Data shown:

┄┄┄┄┄┄┄┄┄┄┄┄┄┄┄┄┄┄┄┄

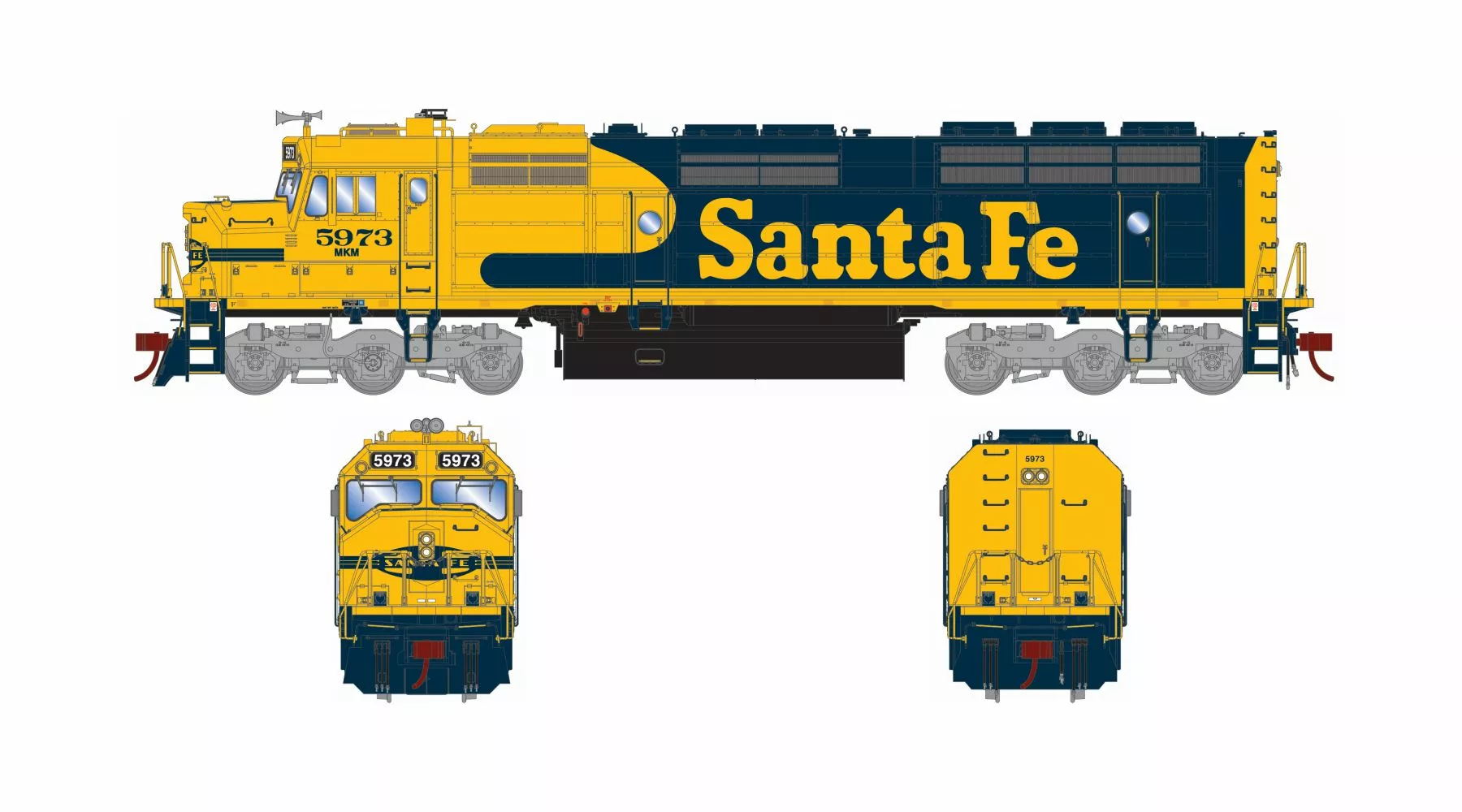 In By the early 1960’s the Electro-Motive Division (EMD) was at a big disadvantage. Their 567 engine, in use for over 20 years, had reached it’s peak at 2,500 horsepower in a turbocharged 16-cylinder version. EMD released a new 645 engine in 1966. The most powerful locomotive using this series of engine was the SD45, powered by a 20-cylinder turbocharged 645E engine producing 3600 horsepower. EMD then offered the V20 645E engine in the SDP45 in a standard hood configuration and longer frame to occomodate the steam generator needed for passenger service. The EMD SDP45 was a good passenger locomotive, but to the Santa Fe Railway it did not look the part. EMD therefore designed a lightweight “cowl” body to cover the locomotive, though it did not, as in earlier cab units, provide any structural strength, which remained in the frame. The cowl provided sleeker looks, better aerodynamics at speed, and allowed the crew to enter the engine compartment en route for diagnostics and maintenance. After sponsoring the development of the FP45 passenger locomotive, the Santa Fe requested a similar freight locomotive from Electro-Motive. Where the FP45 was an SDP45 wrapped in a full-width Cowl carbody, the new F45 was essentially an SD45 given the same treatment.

┄┄┄┄┄┄┄┄┄┄┄┄┄┄┄┄┄┄┄┄

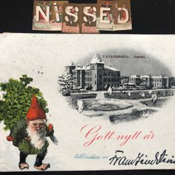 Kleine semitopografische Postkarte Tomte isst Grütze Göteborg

┄┄┄┄┄┄┄┄┄┄┄┄┄┄┄┄┄┄┄┄

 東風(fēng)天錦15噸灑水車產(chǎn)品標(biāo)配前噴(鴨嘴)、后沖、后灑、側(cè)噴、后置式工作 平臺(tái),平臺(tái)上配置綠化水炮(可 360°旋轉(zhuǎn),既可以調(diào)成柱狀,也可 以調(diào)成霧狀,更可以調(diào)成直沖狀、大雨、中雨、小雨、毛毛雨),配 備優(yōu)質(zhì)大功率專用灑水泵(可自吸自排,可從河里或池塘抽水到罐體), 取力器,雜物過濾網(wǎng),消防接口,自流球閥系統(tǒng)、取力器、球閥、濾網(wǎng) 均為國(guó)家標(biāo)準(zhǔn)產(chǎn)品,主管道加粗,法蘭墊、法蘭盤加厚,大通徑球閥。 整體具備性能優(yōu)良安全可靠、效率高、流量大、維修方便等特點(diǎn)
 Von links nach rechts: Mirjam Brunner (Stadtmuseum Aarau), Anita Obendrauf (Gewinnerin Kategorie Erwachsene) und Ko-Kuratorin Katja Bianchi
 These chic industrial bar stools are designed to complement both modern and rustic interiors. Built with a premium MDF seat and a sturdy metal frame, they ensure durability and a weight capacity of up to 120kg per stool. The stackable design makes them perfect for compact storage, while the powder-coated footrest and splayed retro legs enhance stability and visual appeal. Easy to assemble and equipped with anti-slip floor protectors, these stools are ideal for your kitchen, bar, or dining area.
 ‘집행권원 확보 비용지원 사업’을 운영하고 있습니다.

┄┄┄┄┄┄┄┄┄┄┄┄┄┄┄┄┄┄┄┄

What to produce:
Look above for the line that contains "Von links nach". Starting there, transcribe every line exactly until you have copied the line that contains "사업’을 운영하고 있습니다.".

Answer to the exercise:
 Von links nach rechts: Mirjam Brunner (Stadtmuseum Aarau), Anita Obendrauf (Gewinnerin Kategorie Erwachsene) und Ko-Kuratorin Katja Bianchi
 These chic industrial bar stools are designed to complement both modern and rustic interiors. Built with a premium MDF seat and a sturdy metal frame, they ensure durability and a weight capacity of up to 120kg per stool. The stackable design makes them perfect for compact storage, while the powder-coated footrest and splayed retro legs enhance stability and visual appeal. Easy to assemble and equipped with anti-slip floor protectors, these stools are ideal for your kitchen, bar, or dining area.
 ‘집행권원 확보 비용지원 사업’을 운영하고 있습니다.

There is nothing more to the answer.